Urban knew the ship’s company well enough to understand that the Astronomer’s negative report would not shift their desire to eventually visit the Sun and sample whatever sparse dust remained, sifting for clues at the epicenter of collapse. But before ever they came to that passage there would be other star systems to explore, with time enough for chance to amend the path they would ultimately follow.

Be careful what you wish for.

A grim thought, a troubled smile. He said, “Unless Griffin succeeds in changing the course of this expedition.”

“She’ll come around,” Clemantine insisted. “She’s devoted to us. You know that. She just doesn’t want to be held back, to be set aside the way she was at Tanjiri.”

That alone would be bad enough. But more was going on. Urban felt sure of it. He had always been uneasy with Clemantine’s dark twin, but he’d trusted her.
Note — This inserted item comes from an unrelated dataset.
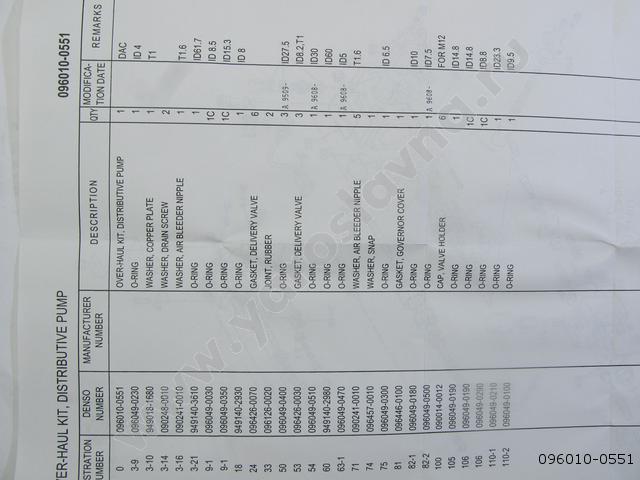 096010-0551 Ремкомплект ТНВД мех. VE без ТК с ВК 1990-- Denso
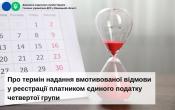 Отже, контролюючий орган за місцем обліку (місцезнаходженням) юридичної особи надає письмову вмотивовану відмову у реєстрації платником єдиного податку четвертої групи та включення до Реєстру платників єдиного податку четвертої групи протягом тридцяти календарних днів, що настають за останнім днем граничного строку подання податкових декларацій з єдиного податку четвертої групи.

Now, that trust had withered. He said, “I need her back with the fleet, back within reach of a laser link, of constant communication. You need to persuade her.”

“You know I’ve been trying.”

He held her gaze. “She’s changed, Clemantine.”

“We all change. Dragon has changed.”

“Sooth. For the better. But Griffin? We need to understand what she’s become.”

Clemantine lowered her chin; her eyes narrowed in resentment: “You’ve already decided, haven’t you?”

He sketched the facts, for himself as well as her. “She doesn’t care for consensus. She won’t listen to argument. She rarely even responds to our radio hails. And on her own she has decided to lead the fleet past Ryo, despite our protests.”

“It’s because she’s bored. Ryo is a dead system. No hint of life there. So she’s pushing us to go on to Hupo Sei. She’s leading us on. She wants to be first this time—not to be consigned to the void, but to make discoveries of her own.”

Urban sighed. He shook his head. He got up from the carpet where he’d been sitting and paced the room, thinking, while Clemantine watched him from the sofa.

Throughout the years at Tanjiri, Urban had rebuilt the fleet. Dragon had fed from the belt of ruins, enough to birth two new outriders to replace the pair lost at Verilotus. And then the courser had fed more, regathering mass and growing, expanding the size of its reef, adding to the power of its gun—while Griffin bided alone in the void, not feeding at all, not growing.

Urban could overtake the smaller courser if it came to that, but there was another way, a better way, to test Griffin’s loyalty. Ceasing to pace, he turned to Clemantine. “We’re going to Ryo despite her. If she’s still part of the fleet, she’ll adjust her course to go with us.”

Doubt welled in Clemantine’s eyes. She nodded agreement anyway while eliding the obvious question: What will you do if she does not follow?